### TRY IT
Print the listing below verbatim, passing over each picture.

### SUPPLIED DATA
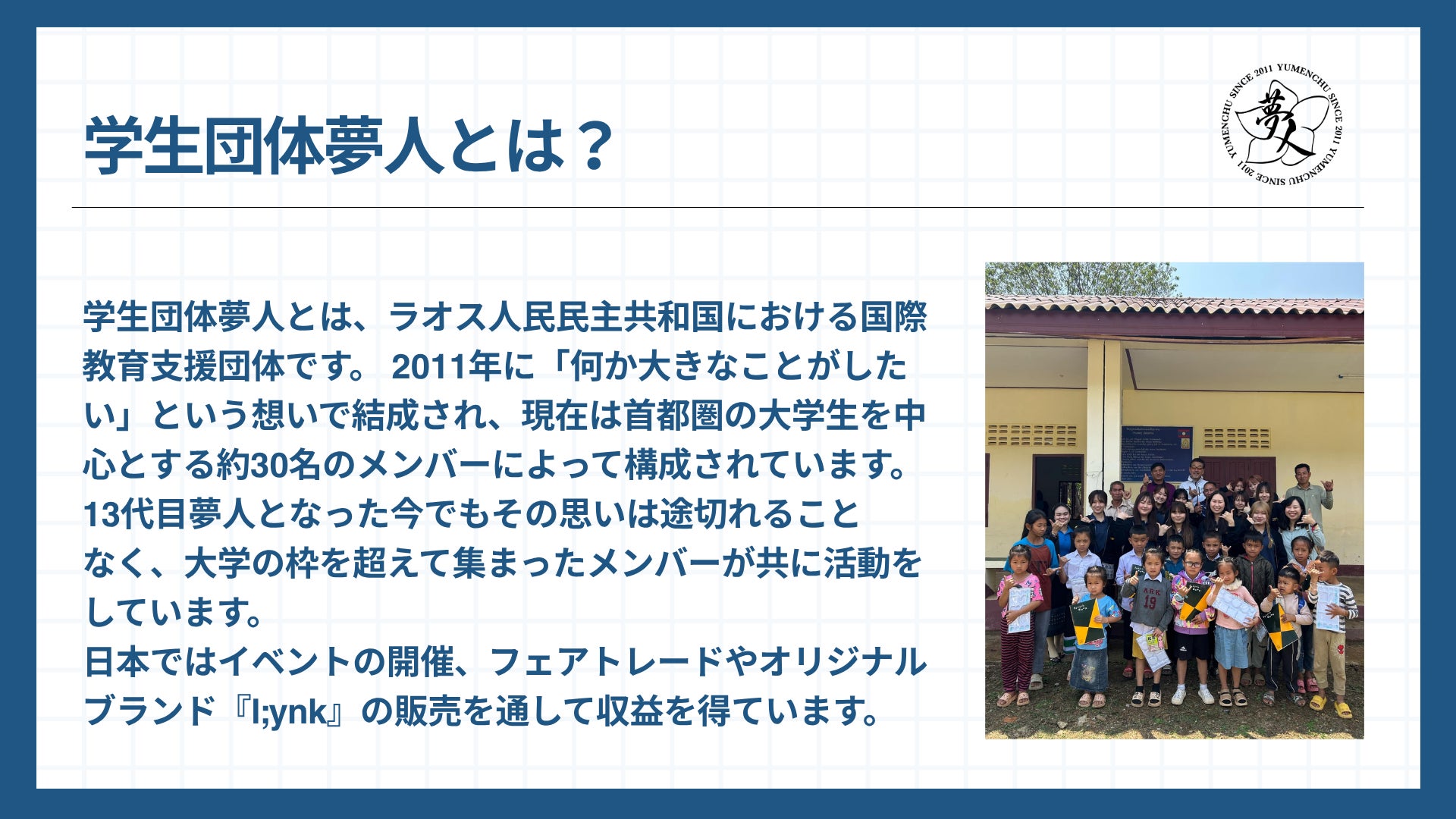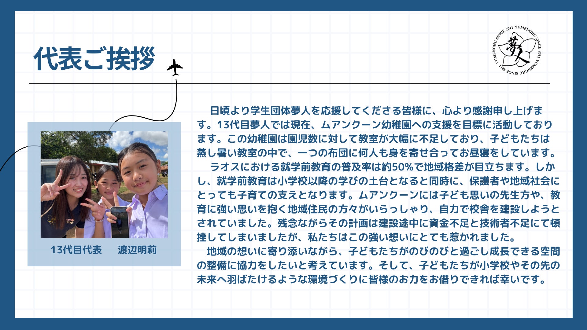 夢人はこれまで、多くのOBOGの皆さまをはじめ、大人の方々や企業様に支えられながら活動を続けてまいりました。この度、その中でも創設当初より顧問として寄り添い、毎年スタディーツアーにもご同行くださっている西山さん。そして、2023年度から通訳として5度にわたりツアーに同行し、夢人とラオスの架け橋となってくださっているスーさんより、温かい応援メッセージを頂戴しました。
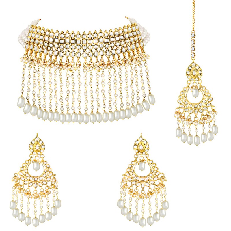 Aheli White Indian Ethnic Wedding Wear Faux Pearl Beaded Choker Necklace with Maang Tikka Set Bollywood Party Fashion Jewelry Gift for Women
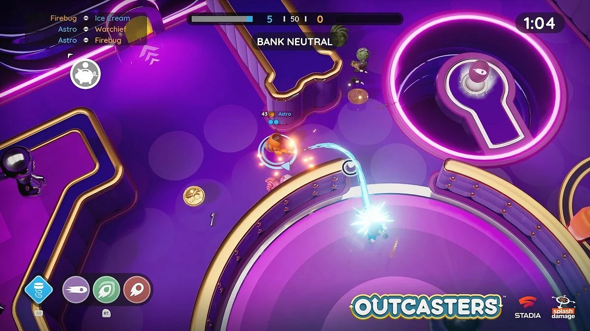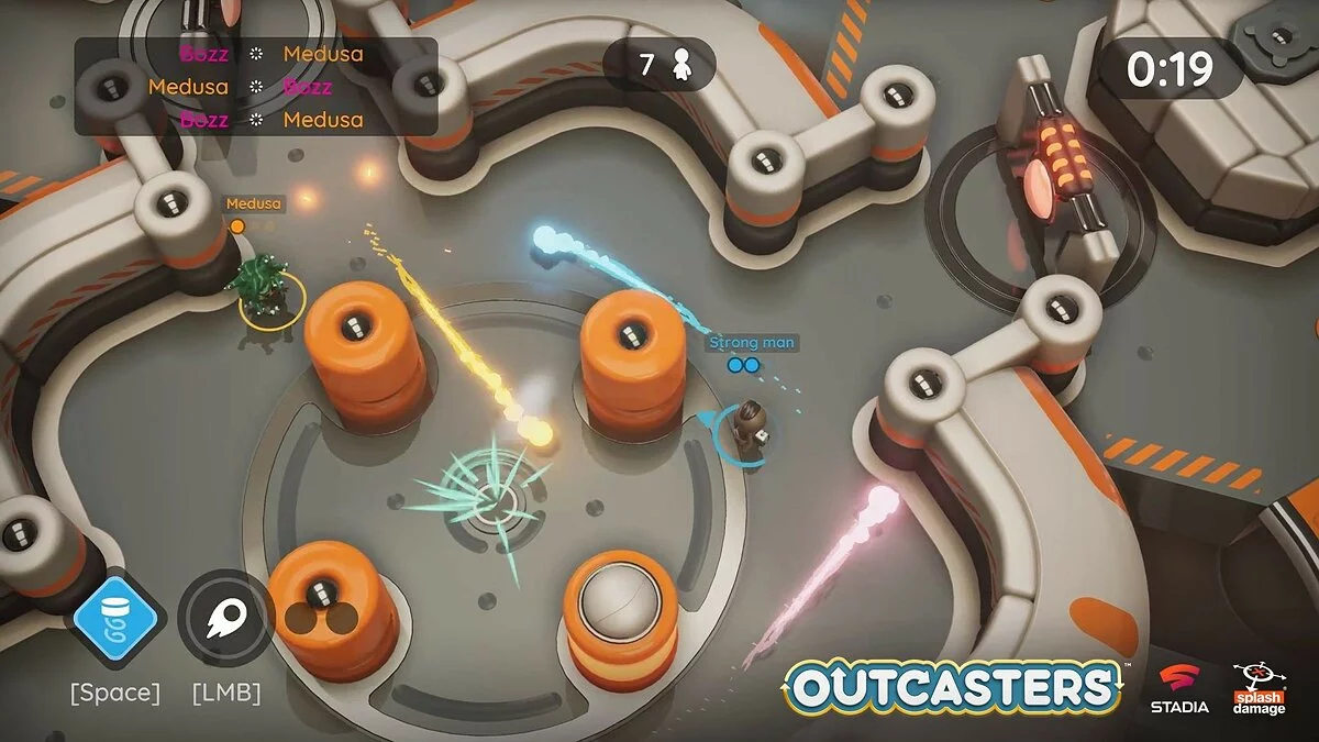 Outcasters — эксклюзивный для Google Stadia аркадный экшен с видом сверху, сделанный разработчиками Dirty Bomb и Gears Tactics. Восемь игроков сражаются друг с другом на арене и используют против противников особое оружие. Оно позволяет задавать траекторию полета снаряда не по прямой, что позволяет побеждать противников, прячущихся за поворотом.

### OUTPUT FOR THIS TASK
 夢人はこれまで、多くのOBOGの皆さまをはじめ、大人の方々や企業様に支えられながら活動を続けてまいりました。この度、その中でも創設当初より顧問として寄り添い、毎年スタディーツアーにもご同行くださっている西山さん。そして、2023年度から通訳として5度にわたりツアーに同行し、夢人とラオスの架け橋となってくださっているスーさんより、温かい応援メッセージを頂戴しました。
 Aheli White Indian Ethnic Wedding Wear Faux Pearl Beaded Choker Necklace with Maang Tikka Set Bollywood Party Fashion Jewelry Gift for Women
 Outcasters — эксклюзивный для Google Stadia аркадный экшен с видом сверху, сделанный разработчиками Dirty Bomb и Gears Tactics. Восемь игроков сражаются друг с другом на арене и используют против противников особое оружие. Оно позволяет задавать траекторию полета снаряда не по прямой, что позволяет побеждать противников, прячущихся за поворотом.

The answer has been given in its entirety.